Prep 10 mins
Cook 30 mins
The cheese sauce is from vegancoach.com. I added the beans and grains to it for a surprisingly good dinner. I'm not vegan, but this looked good--and it was. It's not just like regular cheese because it isn't regular cheese...but it's creamy, flavorful, delicious and sure has a lot of nutrition. If you're using canned beans, you can omit the salt in the sauce. Of course, you can swap out the grains for others (such as brown rice), or use all of one. Just keep the proportions the same. This can be a main dish or a side.
TO MAKE THE CHEESE
- 1 (15 ounce) can cannellini beans (rinsed and well-drained, or cooked from dry beforehand)

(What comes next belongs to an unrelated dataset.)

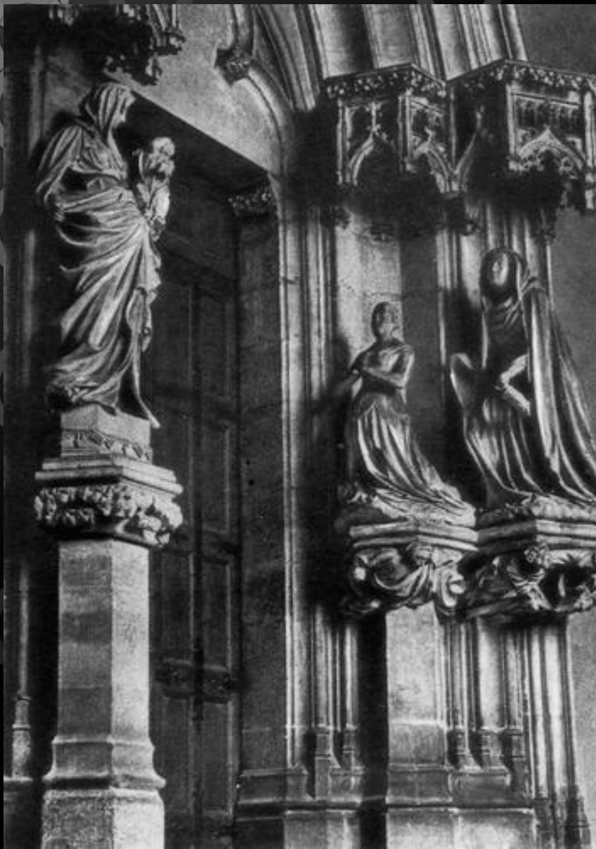
Портал церкви близ Дижона

Стремление усилить чувственную достоверность образа обнаруживало себя в острой наблюдательности и жадном интересе к единичному, частному, индивидуальному, портретному и даже необычному, случайному. Человеческое лицо, как красивое, так и уродливое, для средневекового мастера было отблеском вечной красоты и мудрости мироздания. Отсюда интерес к характерным жизненным деталям, которыми они обогащали пластику. Расцвет скульптуры начался на рубеже 12—13 столетий во Франции, когда процесс национального пробуждения был на подъеме. Простота и изящество четких форм, плавность и чистота контуров, ясность пропорций, сдержанные жесты служили во французской скульптуре выражением нравственной силы, духовного совершенства.
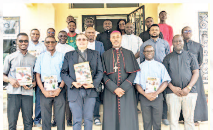
Visite des responsables du collège Urbano de Rome, le 16 août 2024

- 1⁄2 cup pimiento (pieces, drained)
- 1⁄2 cup nutritional yeast
- 3 tablespoons fresh lemon juice
- 2 tablespoons tahini
- 1 tablespoon miso (I used mellow white)
- 1 teaspoon onion powder
- 1⁄2 teaspoon yellow mustard (such as French's)
- 1⁄2 teaspoon salt
FOR THE BEANS AND GRAINS
- 1 (15 ounce) can black beans (rinsed and drained)
- 1⁄4 cup Bulgar wheat
- 1⁄4 cup barley
- 1⁄4 cup quinoa
- Rinse and toast your quinoa. Add 2 cups of water to the skillet where the quinoa is toasting, and add the barley and bulgar. Cover and simmer on low approximately 30 minutes, or until grains are done to desired texture (I like mine just a touch al dente for this recipe).
- While grains are cooking, puree cheese ingredients until smooth.
- Add cheese to skillet of grains, add beans, mix well. Serve!
Great dish! The sauce grew on me the more I ate it. It would be a great dip for crackers and used in burritos, etc. I didn't have bulgar so used short grain brown rice. Healthy and good too. Thanks! Made for PRMR game.